Как знать? Может быть, то, что прекрасно в «Литургии красоты», — только закатный румянец — вечерний, последний. К утру от облака может не остаться следа, его уже не будет ни на одном горизонте: и теперь оно окружено уже такими удушливыми, безнадежными парами. Или — свершится чудо, новое чудо — непонятное и внезапное, — которым часто радуют поэты — внезапные пришельцы из непонятных стран? Может быть, пары рассеются — и откроется облако на другом горизонте? — То и другое возможно, — и мы сомневаемся: вновь поднести к губам «пылающий напиток» с надеждой на утро, — или отказаться от отрав приближающейся ночи?

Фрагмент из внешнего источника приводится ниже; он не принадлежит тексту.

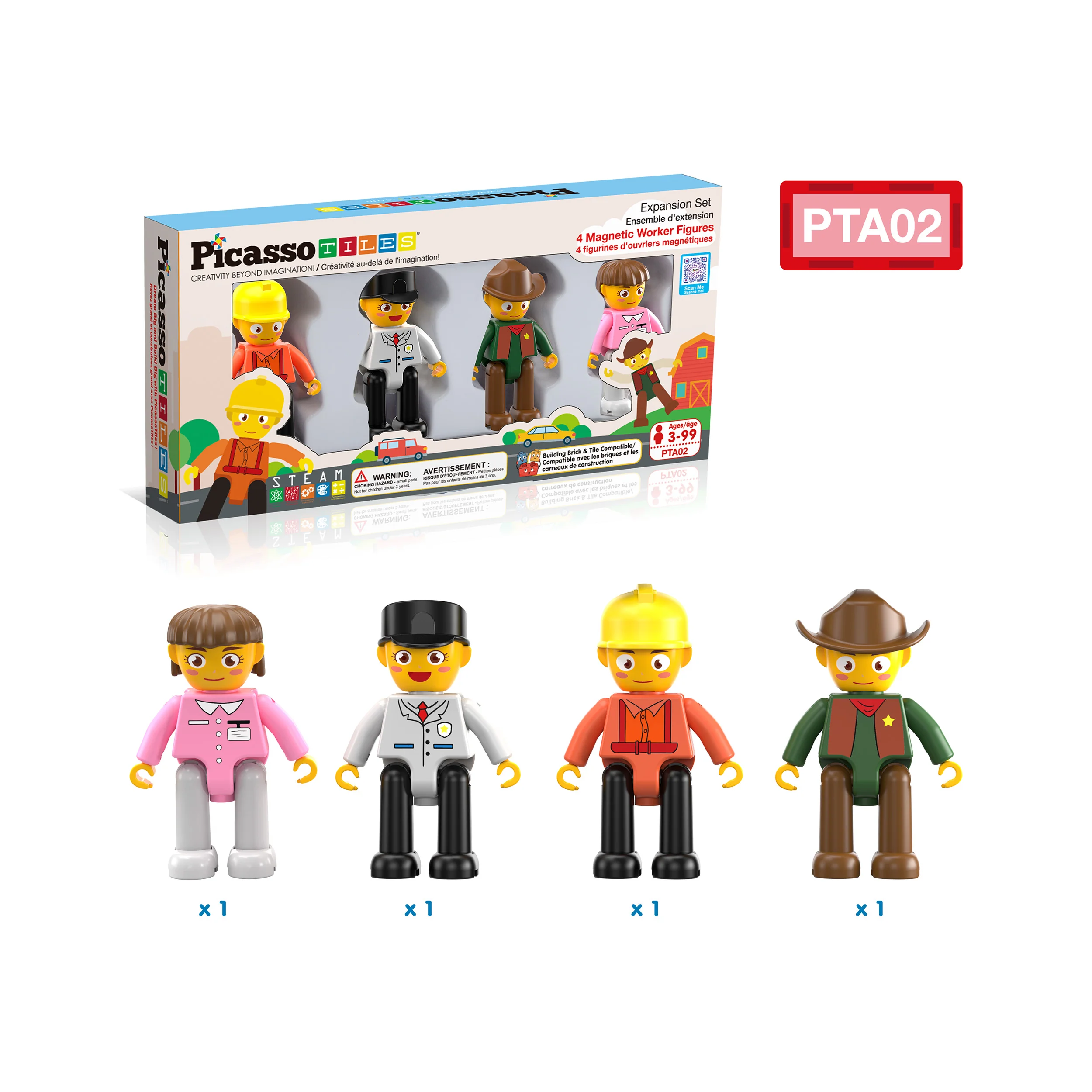 PicassoTiles 4pc magnetic character figures includes a fireman, policewoman, cowboy, and nurse. These figures can be used as standalone toys or combined with other PicassoTiles construction sets to enhance designs and spark creativity. Perfect for encouraging imaginative play and storytelling. (SKU:PTA02)

Начало «разложения» очевидно в стихах Бальмонта. Но вместе с ним надвигается что-то новое, — заметно, что облака идут с таких горизонтов, которые прежде были скрыты от поэта.

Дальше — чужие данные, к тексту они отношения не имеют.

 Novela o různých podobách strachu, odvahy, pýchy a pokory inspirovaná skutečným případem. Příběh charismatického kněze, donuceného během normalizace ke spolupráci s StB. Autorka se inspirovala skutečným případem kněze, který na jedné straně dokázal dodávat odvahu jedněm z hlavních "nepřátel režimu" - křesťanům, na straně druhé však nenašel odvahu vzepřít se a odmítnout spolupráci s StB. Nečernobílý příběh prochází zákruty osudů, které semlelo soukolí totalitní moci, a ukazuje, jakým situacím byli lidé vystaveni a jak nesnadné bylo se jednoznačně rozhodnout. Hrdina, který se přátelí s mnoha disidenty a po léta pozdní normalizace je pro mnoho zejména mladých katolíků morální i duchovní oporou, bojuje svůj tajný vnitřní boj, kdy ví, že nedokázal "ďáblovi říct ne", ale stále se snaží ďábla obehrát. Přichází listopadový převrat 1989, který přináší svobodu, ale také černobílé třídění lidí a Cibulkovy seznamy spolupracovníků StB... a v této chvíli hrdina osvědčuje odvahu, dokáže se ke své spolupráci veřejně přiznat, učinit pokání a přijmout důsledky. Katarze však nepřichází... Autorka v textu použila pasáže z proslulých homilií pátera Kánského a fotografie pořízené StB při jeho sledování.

То, что прежде волновало, Бальмонт замыкает ключами своих «стихийных гимнов». Они только утомительно красивы — и неподвижны. Душная ночь уже прильнула к ним. В час, когда наступала тьма, — пришла мертвая полоса. Явилась рассудочная поэзия, прерываемая бессильными криками. Иногда звучали болезненно эти постоянные провозглашения своего великолепия, — пока не послышался стихийный голос, звучащий утренним, здоровым презрением. Только бессильно вялой злобой кажутся насмешки над «лабораторной зачахлостью человечков» и сказочки о «Лемурах с пяткой откидной», — рядом с великим презрением «Самоутверждения»:
И если ты викинга счастья лишишь, — в самом царстве Валгаллы рубиться,
Он скажет, что Небо беднее Земли, из Валгаллы он прочь удалится.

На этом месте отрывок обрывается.